(Data records)
----

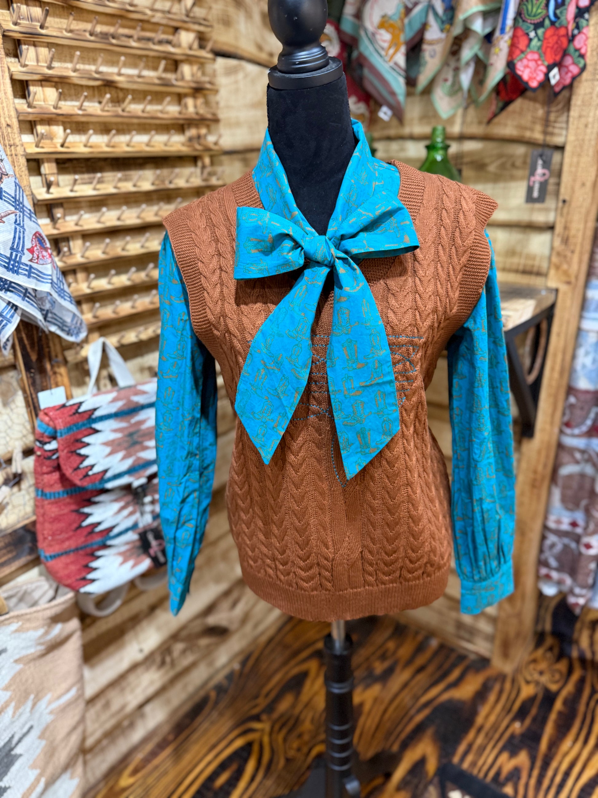 Teal with brown boots pattern, finished with a bow.
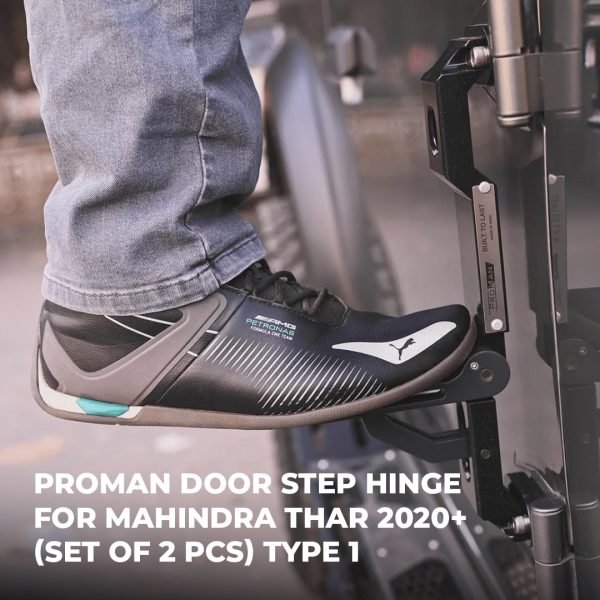 Upgrade the convenience and functionality of your Mahindra Thar 2020+ with the Proman Door Step Hinge Set, specifically designed to provide easy access to your vehicle.
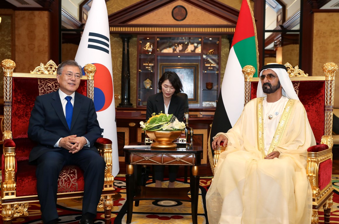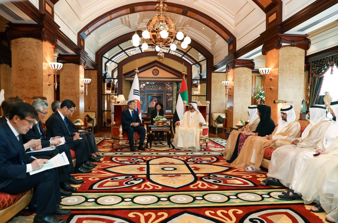 During the meeting, Sheikh Mohammed and President Jae-in said that the UAE's leadership, government and institutions are keen to expand cooperation between the two friendly countries and develop economic, investment, cultural, and humanitarian partnership between them.
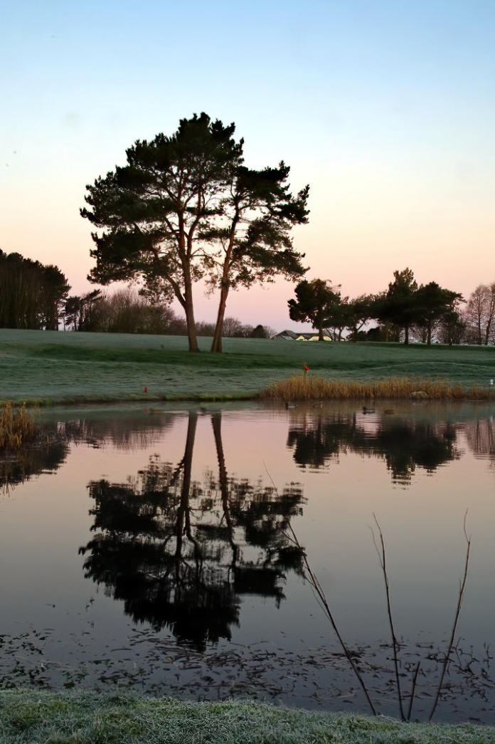 Early morning reflections on the pond by the 8th fairway on Morecambe Golf Course.
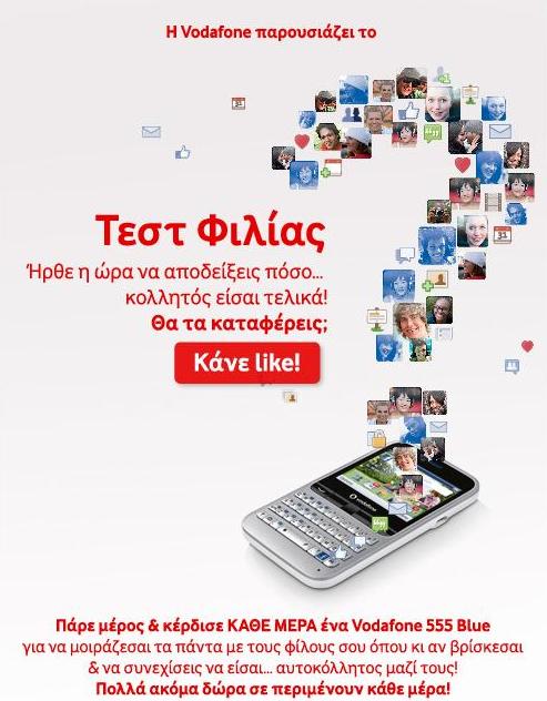 Η Vodafone και το Vodafone 555 Blue, το κινητό που δημιουργήθηκε σε συνεργασία με το Facebook, προσκαλούν όλους τους φίλους του Facebook σε ένα μεγάλο διαγωνισμό… το «Τεστ φιλίας»!
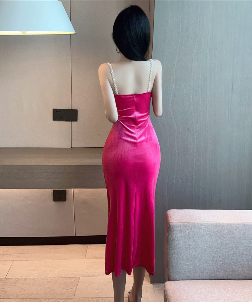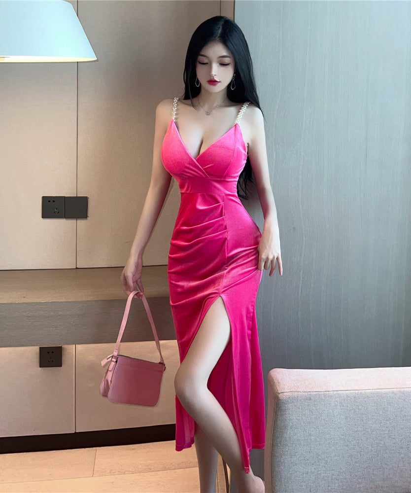 【3色】ロングドレス Vネック 谷間魅せ 指名 真珠 美足効果 XH2-DD5080
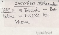 ZACZYŃSKI Aleksander 1988 Tatry w Nowym Sączu?

----

What you will do ▸ Leave out the pictures and copy exactly the lines from the one with "During the meeting, Sheikh" through the last line of the records above.

Answer to this exercise ▸
 During the meeting, Sheikh Mohammed and President Jae-in said that the UAE's leadership, government and institutions are keen to expand cooperation between the two friendly countries and develop economic, investment, cultural, and humanitarian partnership between them.
 Early morning reflections on the pond by the 8th fairway on Morecambe Golf Course.
 Η Vodafone και το Vodafone 555 Blue, το κινητό που δημιουργήθηκε σε συνεργασία με το Facebook, προσκαλούν όλους τους φίλους του Facebook σε ένα μεγάλο διαγωνισμό… το «Τεστ φιλίας»!
 【3色】ロングドレス Vネック 谷間魅せ 指名 真珠 美足効果 XH2-DD5080
 ZACZYŃSKI Aleksander 1988 Tatry w Nowym Sączu?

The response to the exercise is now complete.